PACC, Ezion to facilitate delivery of largest offshore facility ever made

Shell’s Prelude FLNG will leave on a two-month trip to Australia in June.

According to a report by OCBC, Shell’s Prelude FLNG, the world’s largest offshore facility ever constructed, is set to launch from Singapore in late June thanks to contributions by PACC Offshore Services Holdings, Ezion Holdings, and Samsung Heavy Industries. The facility is projected to arrive at its destination in Australia after a two-month journey.

This revolutionary vessel – bigger than the combined size of four football fields and six times the weight of the world’s largest aircraft carrier – compresses the sprawling mass of a traditional land-based LNG plant into a large custom-built barge as was the aim of Shell’s floating natural gas project.
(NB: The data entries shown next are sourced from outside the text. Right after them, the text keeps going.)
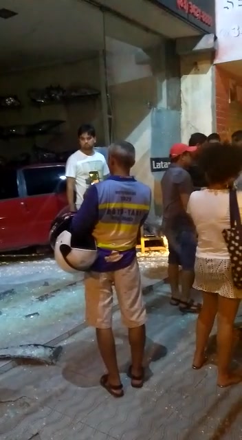 A loja Unividros teve sua fachada parcialmente destruída por um veículo, compatível com modelo Fiat Uno, de cor vermelha.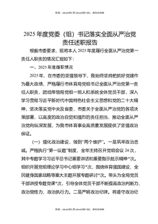 2025年度党委(组)书记落实全面从严治党责任述职报告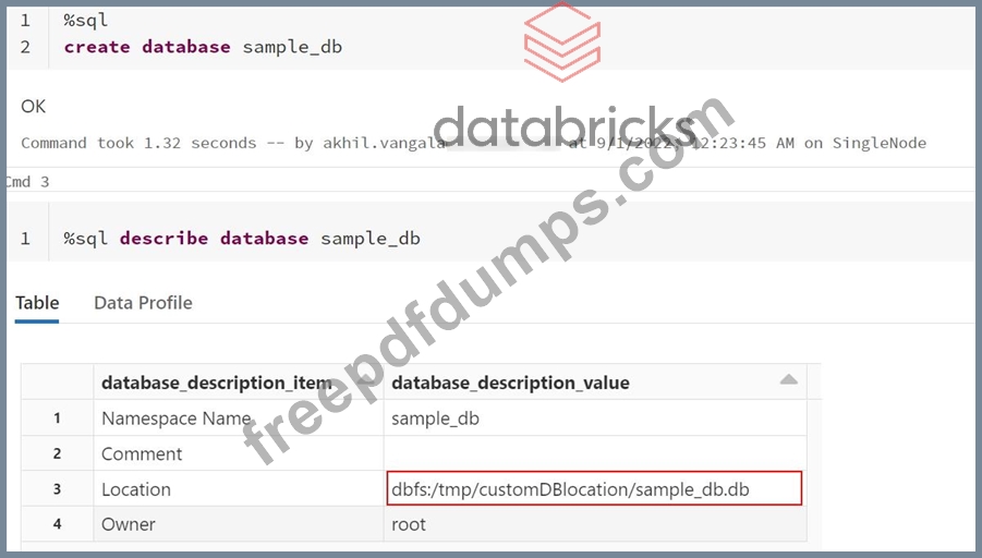 If you create a database sample_db with the statement CREATE DATABASE sample_db what will be the default location of the database in DBFS?

Petronas has already deployed the world’s first LNG facility in Malaysia, but Prelude will be far and away the largest.

Two local Singapore companies, PACC Offshore Services Holdings (POSH) and Ezion Holdings, will play a part in supporting this significant project. POSH Terasea, a 50-50 joint venture between POSH and Terasea Pte Ltd (in turn a venture between Ezion and Seabridge Marine Services) will be responsible for the 4800km tow from Samsung, and the positioning of the vessel at the Prelude field in Australia. POSH will also be providing its semi-submersible accommodation vessel POSH Arcadia to house up to 750 workers during the hook-up and commissioning phase, a huge undertaking that could take up to four months, according to Upstream’s sources. For the towing work, five vessels will be deployed – the AHT vessels Terasea Osprey, Terasea Falcon, Terasea Hawk and Terasea Eagle, plus the 16,000 BHP AHTS vessel POSH Champion.

Here’s more from OCBC:

Besides this, POSH Terasea is also scheduled for work for the INPEX Ichthys CPF and FPSO, as well as Egina FPSO unit. Hence after a relatively quiet 1Q17, POSH Terasea is expected to ramp up and remain busy for the rest of the year. This compares to net loss of USD7.8m ($10.8m) in 2016 and net profit of USD15.7m ($21.7m) in 2015. Meanwhile, the overall operating environment for the broader sector remains challenging, especially for the OSV segment and some parts of the offshore accommodation segment. We tweak our USD/SGD assumptions and our FV eases slightly from $0.335 to $0.325.